To date, our most embarrassing moment was the time... Angelo existing. Nah. People hearing our music. Nah.
We got play on the bill with Smash Mouth and Marcia Hines at the Airlie Beach Festival of Music, and the second gig we played at, the staff loved it so much they gave us a bottle of $80 rum, which we downed the same day, in addition to there being an already unlimited supply of alcohol for all performers.
The next day, we were SUPREMELY hungover for our Balcony TV live feature, which happened to be at bloody 9am. Isaac and I both partook in tacky voms prior to the gig, but we actually pulled the song off thank god, because it was televised and we looked awful!
Life on the road can be... Walter: Really fun, really expensive. Angelo: It can be not fun and really warm. Walter: You’re a nerd.
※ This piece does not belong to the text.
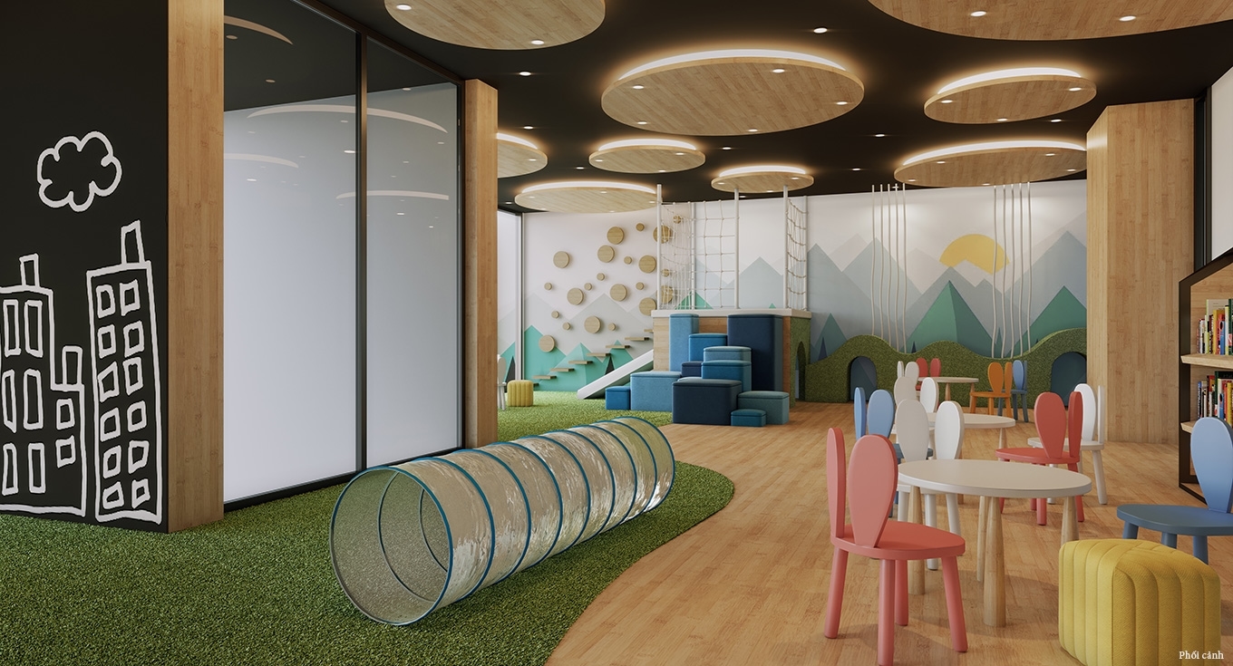Các cư dân nhí sẽ được thỏa sức vui chơi và sáng tạo tại các khu vực dành riêng cho mình như: khu công viên kính vạn hoa, khu vui chơi cát, khu nhà trên cây, khu vui chơi trong nhà,… Với những trò chơi vận động liên hoàn sẽ kích thích được tối đa sức sáng tạo, tuổi thơi của các cư dân nhí sẽ thêm phần phong phú, giúp con trẻ phát triển toàn diện nhất về cả thể chất và trí tuệ.

If you'll have us on your bill, all we ask is that our rider contains... Angelo: Cigs. Water . Walter: Sharpie texters.
The most scary scenario you’ve found yourselves in? Realising we weren’t gonna be paid for a $2,200 gig in Proserpine because the venue declared bankruptcy after we played there. Or just in general, loads of really drunk people offering to be ‘roadies’.
What celebrity/ famous person would you love to be spokesperson of the band? Probably Mike Kerr from Royal Blood. I feel like he would understand us and he’s been a huge influence on us. New song from them is a banger.
What's the one chore you dislike the most? Walt: I literally enjoy housework. Ange: Dust and lint consume my life and everything I own.
Do you have any phobias? Ange: Chores, loud noises and large crowds.